Kasalica Vedran, Schwämmle Veit, Palmblad Magnus, Ison Jon, Lamprecht Anna-Lena
Department of Information and Computing Sciences, Utrecht University, Utrecht 3584 CC, The Netherlands.
Department of Biochemistry and Molecular Biology, University of Southern Denmark, Odense 5230, Denmark.
J Proteome Res. 2021 Apr 2;20(4):2157-2165. doi: 10.1021/acs.jproteome.0c00983. Epub 2021 Mar 15.
The bio.tools registry is a main catalogue of computational tools in the life sciences. More than 17 000 tools have been registered by the international bioinformatics community. The bio.tools metadata schema includes semantic annotations of tool functions, that is, formal descriptions of tools' data types, formats, and operations with terms from the EDAM bioinformatics ontology. Such annotations enable the automated composition of tools into multistep pipelines or workflows. In this Technical Note, we revisit a previous case study on the automated composition of proteomics workflows. We use the same four workflow scenarios but instead of using a small set of tools with carefully handcrafted annotations, we explore workflows directly on bio.tools. We use the Automated Pipeline Explorer (APE), a reimplementation and extension of the workflow composition method previously used. Moving "into the wild" opens up an unprecedented wealth of tools and a huge number of alternative workflows. Automated composition tools can be used to explore this space of possibilities systematically. Inevitably, the mixed quality of semantic annotations in bio.tools leads to unintended or erroneous tool combinations.
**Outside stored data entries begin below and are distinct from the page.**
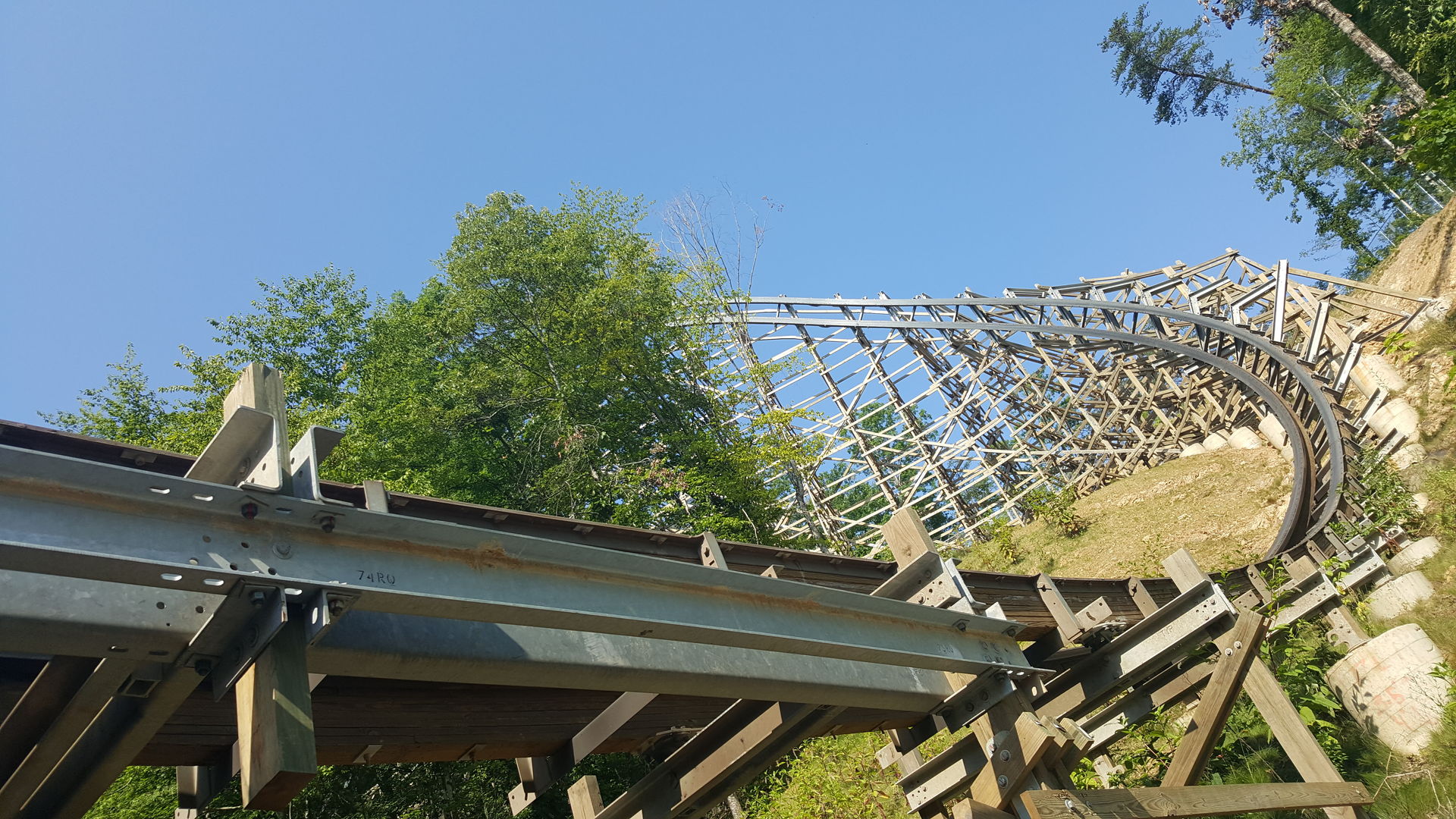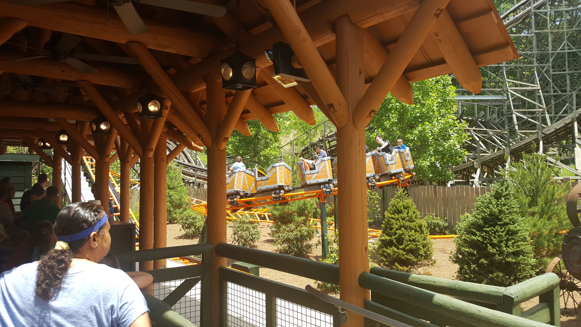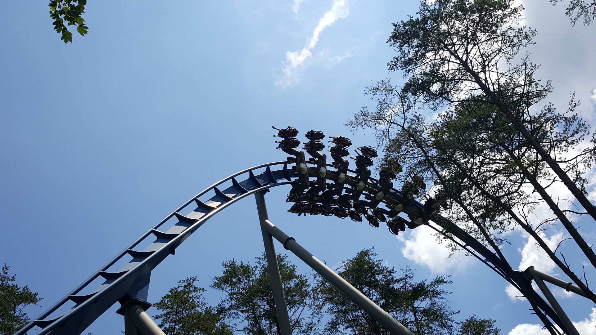 In der Warteschlange vom Mountain Slidewinder bekommt man noch schöne Blicke auf Wild Eagle, welcher erhaben über den Berg segelt.
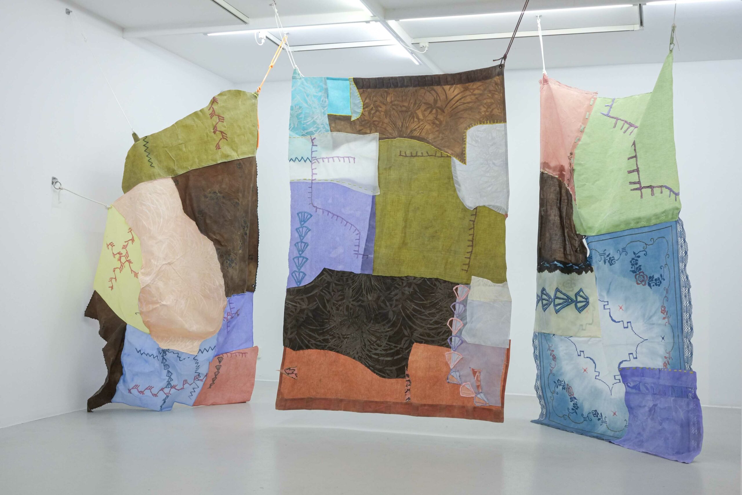 My project thrives on the multiplicity of narratives connected to domestic textiles and embroidery. It reflects upon feminine experiences, emotions and interconnectedness between the personal and the political. The inherent quality of textiles to fold acts as a metaphor for an ongoing movement between formation and undoing, concealing and revealing. Simultaneously, they act as palette in an expanded abstract painting, composed of stitches, overlapping color fields, and the structures created by beeswax.
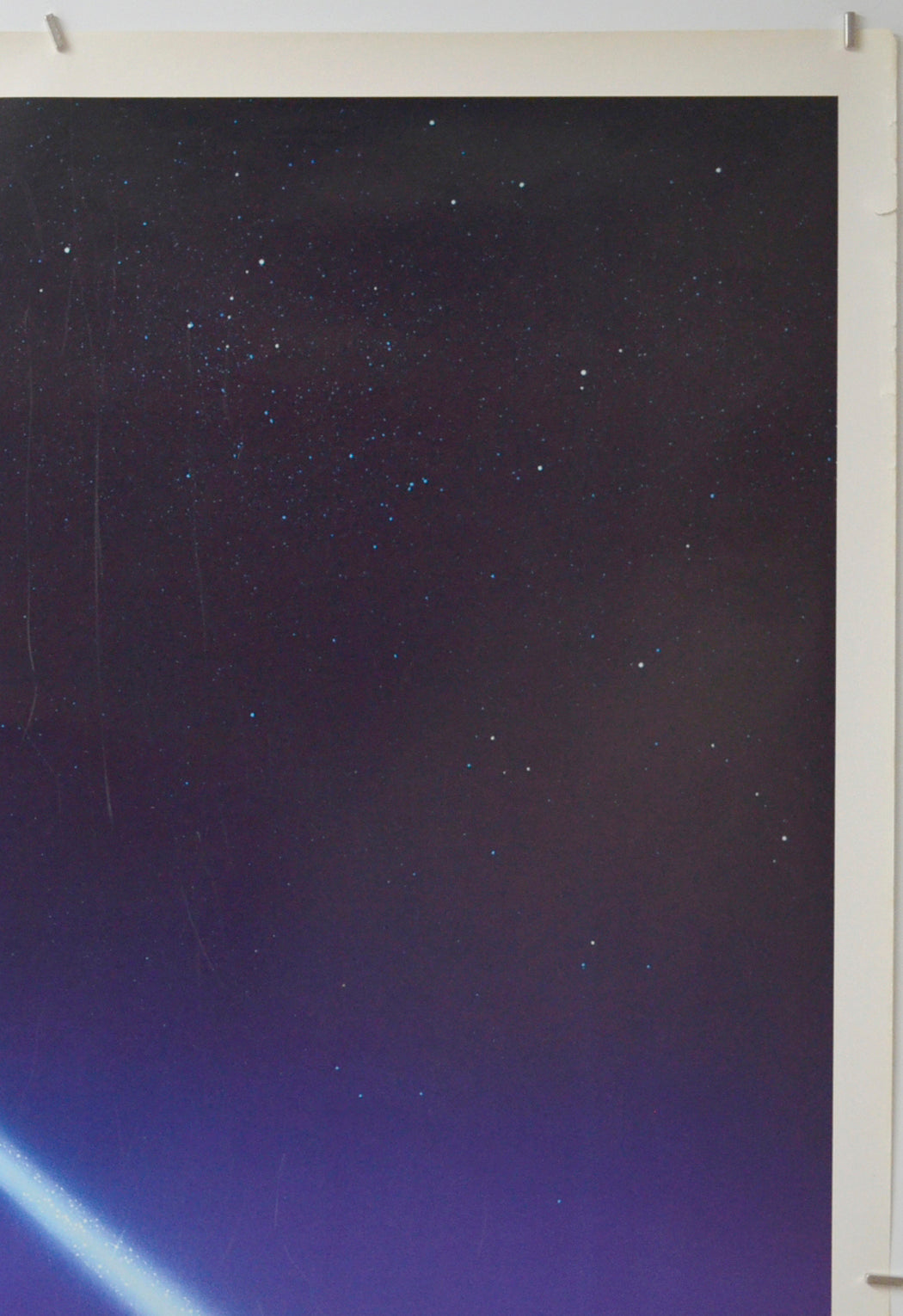 Numerous faint Brown spots of damp (foxing) within the bottom white border (mostly near the right corner), a few extra tiny spots of damp on the tip of the top edge and at the bottom of the side edges, extremely tiny piece torn from the tip of the top right corner, tiny crease across the top left corner, 1.5 cm tear along with approximately 17 smaller tears at the top of the right edge, a couple of extremely tiny tears and extremely mild creasing at the bottom of the right edge, two tiny tears near the top of the left edge, numerous fine scuff lines completely down through the central vertical third of the poster, tiny spot of blu-tac grease/popcorn grease? on the back of the bottom center of the poster (not noticeable on the front), otherwise very good.
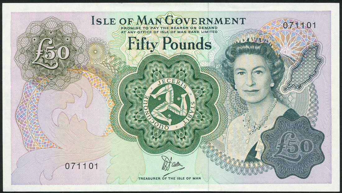 Isle of Man Government, a group of consecutive £50 (6), ND (1983), serial numbers 071101-6, green and multicoloured, silver jubilee portrait of Queen Elizabeth II by Peter Grugeon at right, triskeles at centre, reverse view of Douglas Bay, signature Dawson,
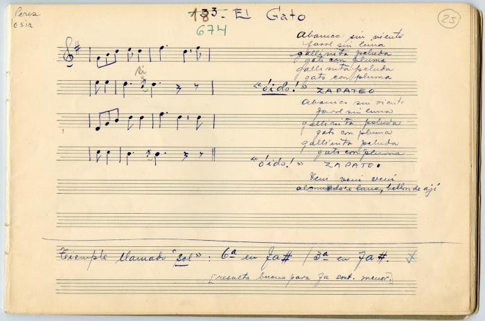 | Notas: | En el cuaderno de pautaciones dice: "Tiemple llamado: 6° en fa# / 3° en fa#. [resulta bueno para fa sost. menor.] La transcripción musical contiene la letra del registro sonoro. |

However, our results also show that additional control mechanisms (tool filters, configuration options, and workflow constraints) can effectively guide the exploration toward smaller sets of more meaningful workflows.
bio.tools注册库是生命科学领域计算工具的主要目录。国际生物信息学界已注册了17000多种工具。bio.tools元数据模式包括工具功能的语义注释,即使用EDAM生物信息本体中的术语对工具的数据类型、格式和操作进行形式化描述。这种注释能够将工具自动组合成多步骤管道或工作流程。在本技术说明中,我们重新审视了之前关于蛋白质组学工作流程自动组合的案例研究。我们使用相同的四个工作流程场景,但不是使用一小组经过精心手工注释的工具,而是直接在bio.tools上探索工作流程。我们使用了自动管道探索器(APE),它是之前使用的工作流程组合方法的重新实现和扩展。进入“真实环境”带来了前所未有的大量工具和大量替代工作流程。自动组合工具可用于系统地探索这个可能性空间。不可避免地,bio.tools中语义注释的质量参差不齐会导致意外或错误的工具组合。然而,我们的结果也表明,额外的控制机制(工具过滤器、配置选项和工作流程约束)可以有效地引导探索朝着更有意义的较小工作流程集发展。